これに対し、たいていの政府は刑務所を増やす、量刑の軽い受刑者と極悪犯を雑居させて施設を最大限に活用する、などの方法で対処してきた。だが、どちらもあまり効果的ではない。刑務所の新設は費用がかかり、雑居は犯罪指南の温床となる。
例えばカリフォルニア州は1980年以降、22の刑務所を新設した。今や刑務所の年間予算は90億ドル前後に達している。にもかかわらず、刑務所は過密状態にあり、再犯率は約65%である。
ブルー・オーシャン・シフトを実現する
マレーシア政府は2010年に、これと同じ課題に直面した。そして、課題を解決するには戦略を変えるしかないと悟り、国家ブルー・オーシャン戦略(NBOS)サミットを頼ることにした。政府は前年に、革新的な戦略をいち早く導入する狙いで、NBOSサミットを設けていた。首相や各大臣、官公庁のトップが毎月、一堂に会するのだ。

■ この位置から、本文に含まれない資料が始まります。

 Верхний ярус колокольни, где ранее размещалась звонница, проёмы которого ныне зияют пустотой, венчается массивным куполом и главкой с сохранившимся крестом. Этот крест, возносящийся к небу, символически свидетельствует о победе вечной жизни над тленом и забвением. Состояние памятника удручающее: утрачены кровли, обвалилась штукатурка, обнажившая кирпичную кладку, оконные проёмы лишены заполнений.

サミットでは、解決策を探すに当たって、最良の慣行(ベストプラクティス)を参考にするのではなく、業界の基本的な前提を探り出して、再考した。
費用の嵩むセキュリティの厳重な刑務所に代わる、低コストで効果の大きい選択肢はあるだろうか。この問いを掘り下げるうちに、誰も気づかずにいた機会が見つかった。国内の多くの軍事基地内には、厳重なセキュリティ設備の備わった遊休地があったのだ。この遊休地は、軽犯罪者を収容するための施設への転用が可能だった。
また、受刑者の更生についても、従来のように刑務所が行うのではなく、他の役所が対応する方が望ましいことに気づいた。刑務所の職員の専門は監禁と警備であり、教育や訓練ではなかった。

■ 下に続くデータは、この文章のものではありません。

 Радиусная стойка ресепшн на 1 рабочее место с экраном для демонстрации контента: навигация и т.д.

サミットはこれら長年の「常識」を覆すことで、「ブルー・オーシャン・シフト」(レッド・オーシャンからブルー・オーシャンへと移行〈シフト〉するための体系的な行程)を実現し、地域更生プログラム(CRP)を生み出した。刑務所を増設する代わりに、軍事基地内の遊休地に、世界初となる軽犯罪者向けのCRPセンターを設けたのだ。
CRPセンターでは農業省などの協力下で職業訓練を実施し、魚の養殖や作物の栽培を行い、市場で販売している。この研修は、軽犯罪者が犯罪に頼らずに収入を得る方法を伝授するものだ。
CRPはまた、受刑者の家族に、頻繁に面会をするよう働きかけた。従来の刑務所では、面会はガラス窓を隔てて30分までとされている。片やCRPセンターでは、受刑者は配偶者や子供と触れ合うことができる。こうして彼らは心の傷を癒し、更生がどれだけ大切であるかを思い起こすのだ。
その結果、2011年にCRPセンターが稼働して以降、軽犯罪者の再犯率は約90%下がった ―― 。